To properly handle exceptions from X11, a proper error handler needs to be set as in:
https://github.com/taffybar/taffybar/blob/1d57f895d3b9af3dca086c98d6390219bfd91fb4/src/System/Taffybar/Information/SafeX11.hs#L120

but this will only work at all if calls like
XGetWindowProperty (for example) are marked interruptible in their FFI imports:

as in https://github.com/taffybar/taffybar/blob/1d57f895d3b9af3dca086c98d6390219bfd91fb4/src/System/Taffybar/Information/SafeX11.hs#L47

@geekosaur @pjones I'm willing to do some of this work, but I think one thing we need to think about is whether or not we want X11 to be responsible for installing the error handler.

xmonad currently sets its own error handler, and things like this could interfere with this libraries handling of errors https://github.com/ivanmalison/xmonad/blob/bb13853929f8f6fc59b526bcc10631e1bac309ad/src/XMonad/Main.hs#L191

My opinion is that the best thing to do would be to stop exposing any ability to set the error handler, and handle all error internally in X11 and then expose haskell values to indicate what went wrong in those cases. It might be difficult to do something like this without having some sort of signaling mechanism as in SafeX11, so this could be a quite significant change.

There also might be some performance implications to marking functions interruptible/safe over unsafe. I think it does need to be done though.

The only calls that should be unsafe are the ones that are cpp macro lookups, and those are also irrelevant for interruptible. Anything else risks (for example) xmonad unexpectedly blocking, which you really don't want in a window manager.

The error handler is set in xmonad because the library has no business making that decision for applications given how things work now — and in particular outputting a message that mentions xmonad without getting that name from the application somehow. This does need to be thought about, and probably redesigning the API to do something more sane.

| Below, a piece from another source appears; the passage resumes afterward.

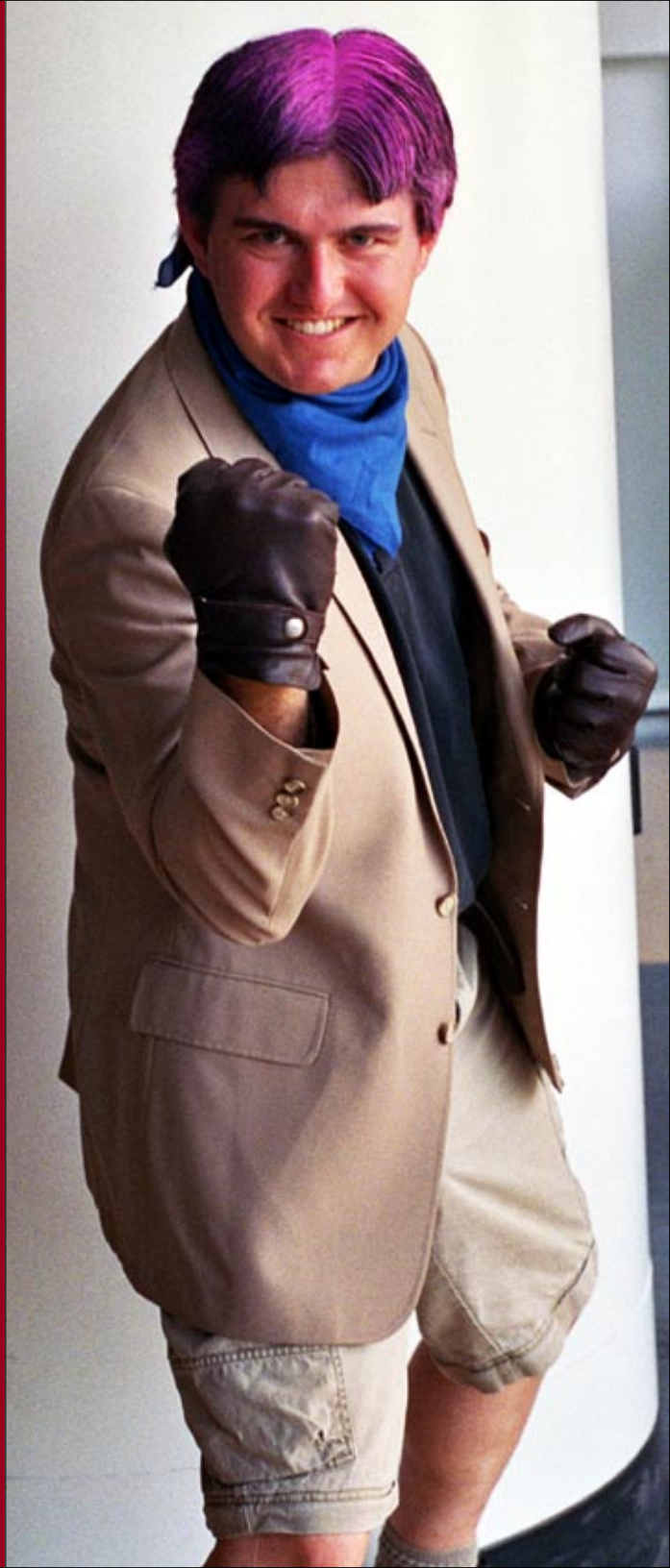
Right: Trunks from Dragon Ball GT.

The only calls that should be unsafe are the ones that are cpp macro lookups

Yes, but atm as far as I can tell, literally everything is marked unsafe, and as such, I actually don't think there is much point in setting a non C error handler.

The error handler is set in xmonad because the library has no business making that decision for applications given how things work now — and in particular outputting a message that mentions xmonad without getting that name from the application somehow.

Yes I agree, but the current reality, is that you can actually only set the C error handler which mentions xmonad, because this was not factored out properly, and this actually occurs in the X11 library:

We actually have this:

But the comment explains that it is experimental, and in fact, it actually doesn't work, becase things really need to be marked interruptible if we are going to be calling back into the haskell runtime.

This does need to be thought about, and probably redesigning the API to do something more sane.

Again, my proposal is this:

• Mark all X11 functions interruptible instead of unsafe
• Stop exposing the ability to set an error handler
• Set an internal to X11 (haskell based) error handler

Yes, I was agreeing with you. But X11 isn't "mine" and in any case I am not in a position to do anything useful with xmonad or anything else, and won't be any time soon. :/

@liskin Why was this removed from 2.0. IMO this is one of the most important things that could be done to the x11 lib.

@IvanMalison I just removed the milestone itself because we don't really have any plan or hope to actually work towards a 2.0 X11 Haskell bindings. It's not the sort of thing that's got a high return on investment in 2021. An xcb binding would be more valuable, but even that might be seen by many as silly in a world that's increasingly moving towards Wayland.

That being said, if someone comes with a PR that implements all of this I'll be happy to help review it and guide the release process and make sure we don't break any dependencies. It's just not something I'd allocate any resources on, myself.